Taxing Agencies Want to Ensure Taxes Are Completed

In addition to the bankruptcy Trustee and bankruptcy court needing to see evidence of your tax filings – the taxing agencies, the Internal Revenue Service and the North Carolina Department of Revenue, also will receive notice of your bankruptcy filing and want to make sure information you are reporting is accurate.  Once they have word that you have filed a bankruptcy they will reassess your prior year’s taxes to make sure they are completed.  If they are not, they can object to your discharge until they have been completed.  If a creditor, such as a taxing agency, objects to your discharge it means your case will be held open longer.  The longer your case is open, the longer it takes to get your financial freedom.

Filing Taxes Allows You to Accurately Budget Repayments

Just like any other debt you have in your bankruptcy – the amount owed for taxes has an impact on your bankruptcy filing.  If you have not filed your taxes, and you are filing a Chapter 7 bankruptcy, then you have no way of knowing what you owe, and cannot go ahead and budget a repayment plan going forward.  If you file a Chapter 13 bankruptcy, and you have not filed taxes yet, then the IRS or NCDOR is going to estimate what you will owe them and file a Proof of Claim for un-assessed returns.  Oftentimes, the taxing agencies file the proof of claim as a worst-case scenario on your taxes, which typically, means the amount is overstated which can cause an increase in your Chapter 13 plan payment.
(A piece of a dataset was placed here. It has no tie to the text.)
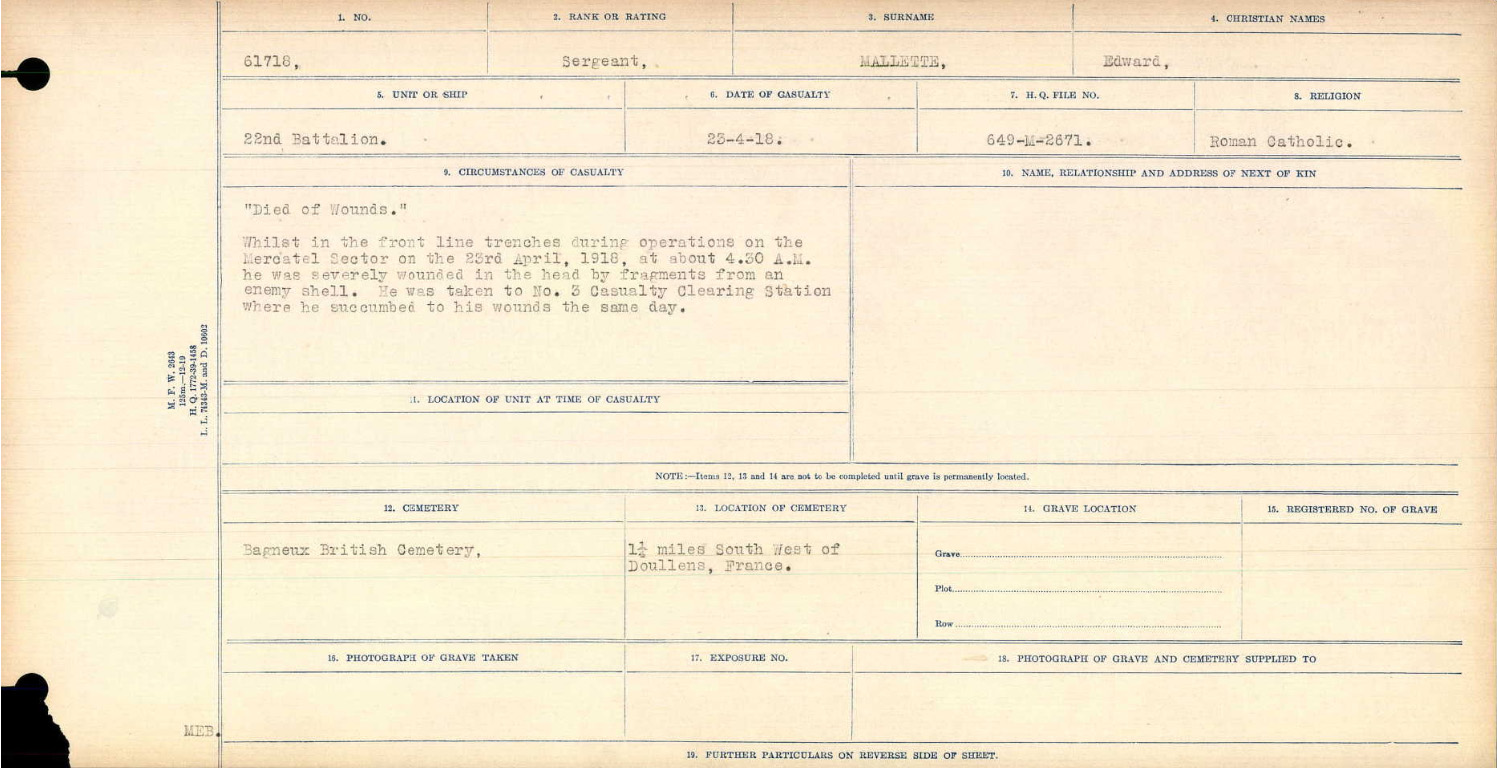 Blessé d’un éclat d’obus à la tête, dans les tranchées de première ligne à Mercatel, il a été évacué jusqu’au Poste de triage des blessés n° 3 à Gézaincourt et il y est mort le jour même.

If you file your taxes then the IRS can use the amount of taxes owed to file a more accurate proof of claim, which may increase your chances of success in a Chapter 13 bankruptcy.

The bottom line is, yes you have to file your taxes before filing your bankruptcy. We understand that it’s a pain to have to dig through your paperwork, retrieve the documents, make copies and bring them to us, but the government requires it as part of your bankruptcy documentation.